Daily Data Dump – Thursday

If you are a regular reader, and have not done so, please take the Summer 2010 Gene Expression survey. N = 300, so I’ll stop buggin’ now and start posting results in the next day or so.

Ancient iceman’s gene map underway. Does anyone have any inside dirt on Otzi? His mtDNA was an outgroup to any modern Europeans, but we know that there’s sometimes a disjunction between mtDNA and autosomal results.

Protecting consumers from their own genetic data will come at a cost. Regulations have costs. Sometimes those costs are worth it (and result in long-term gains due to buffering of short-term volatility and such).
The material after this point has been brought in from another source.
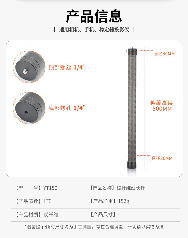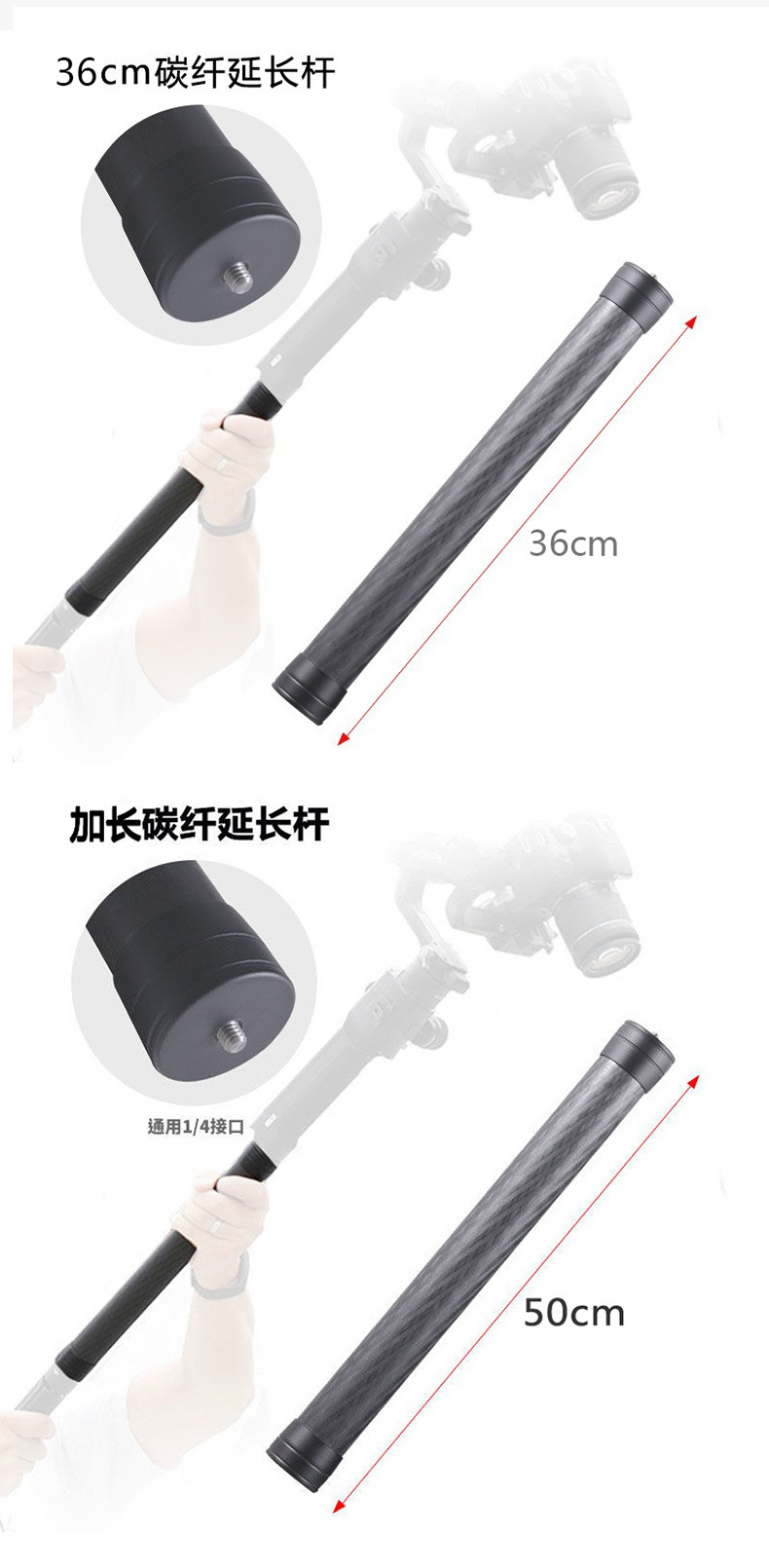 50cm 탄소섬유 연장봉, 범용 안정기, 연장봉, 핸드헬드 촬영, 파노라마 비디오, Vlog 촬영봉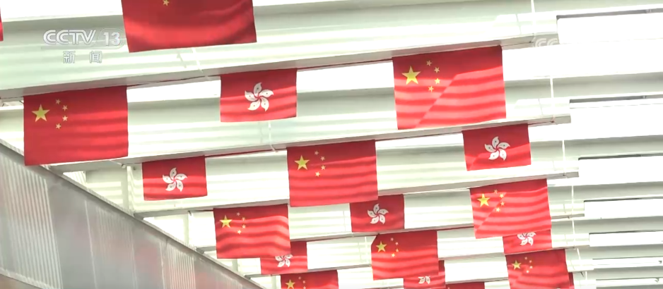 在香港的街頭巷尾,五星紅旗與紫荊花區(qū)旗迎風(fēng)飄揚,祝福標(biāo)語和慶祝海報處處可見,節(jié)日氣氛濃郁。

Vitamin D Deficiency Linked to Arterial Stiffness in Black Teens. There has been some concern about supplementation in colored people based on studies with whites, so this is important. Many people with darker-skins, including me, have been diagnosed with vitamin D deficiency and have started to take supplements. Anecdotally many of us report a decrease in respiratory infections and such. But it will be good when we have more rigorous studies.

Study says Amish expanding westward. Amish future!

Ancient DNA Identifies Donkey Ancestors, People Who Domesticated Them. Any surprise that domestication was a bottom-up, not top-down affair? Command economies are good at increasing factor inputs, but not necessarily driving innovation.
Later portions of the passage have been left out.